• _ENTRIES SHOWN_

*** Begin section ***

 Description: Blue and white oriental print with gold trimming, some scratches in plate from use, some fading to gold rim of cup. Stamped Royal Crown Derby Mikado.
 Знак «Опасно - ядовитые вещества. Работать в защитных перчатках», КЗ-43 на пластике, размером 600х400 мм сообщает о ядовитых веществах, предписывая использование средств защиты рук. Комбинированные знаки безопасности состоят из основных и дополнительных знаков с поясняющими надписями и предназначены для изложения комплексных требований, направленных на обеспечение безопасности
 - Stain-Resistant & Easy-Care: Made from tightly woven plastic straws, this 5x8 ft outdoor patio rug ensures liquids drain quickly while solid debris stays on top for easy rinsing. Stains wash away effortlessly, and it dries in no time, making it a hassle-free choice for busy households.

*** End section ***
*** Begin section ***

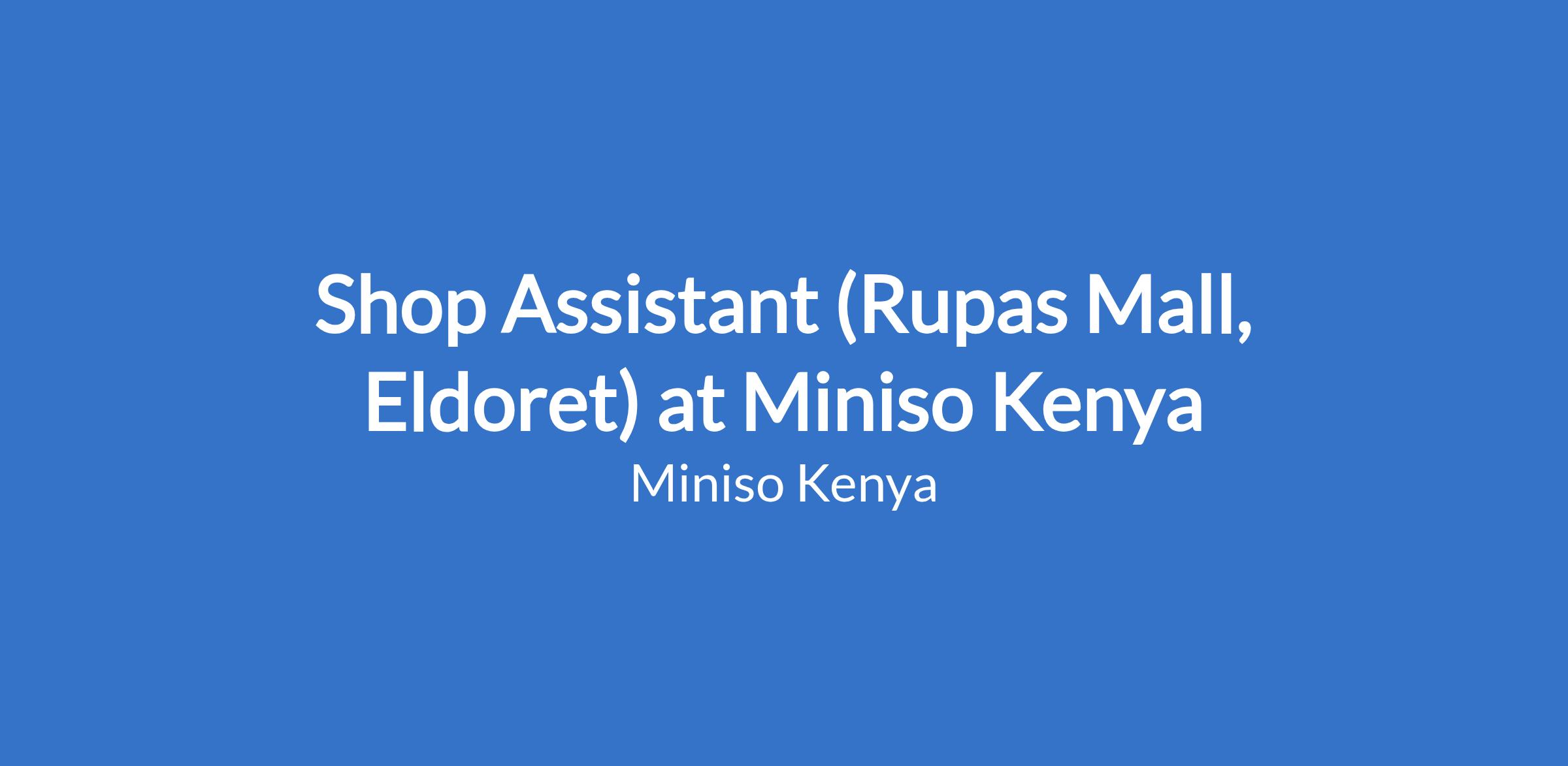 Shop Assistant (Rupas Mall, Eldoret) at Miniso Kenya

*** End section ***

• _WHAT TO PRODUCE_
Retype word for word everything in the listing above from the line that holds "на обеспечение безопасности" down to the line that holds "- Stain-Resistant &". Keep both end lines and leave out the rest.

• _ANSWER FOR THIS EXERCISE_
 Знак «Опасно - ядовитые вещества. Работать в защитных перчатках», КЗ-43 на пластике, размером 600х400 мм сообщает о ядовитых веществах, предписывая использование средств защиты рук. Комбинированные знаки безопасности состоят из основных и дополнительных знаков с поясняющими надписями и предназначены для изложения комплексных требований, направленных на обеспечение безопасности
 - Stain-Resistant & Easy-Care: Made from tightly woven plastic straws, this 5x8 ft outdoor patio rug ensures liquids drain quickly while solid debris stays on top for easy rinsing. Stains wash away effortlessly, and it dries in no time, making it a hassle-free choice for busy households.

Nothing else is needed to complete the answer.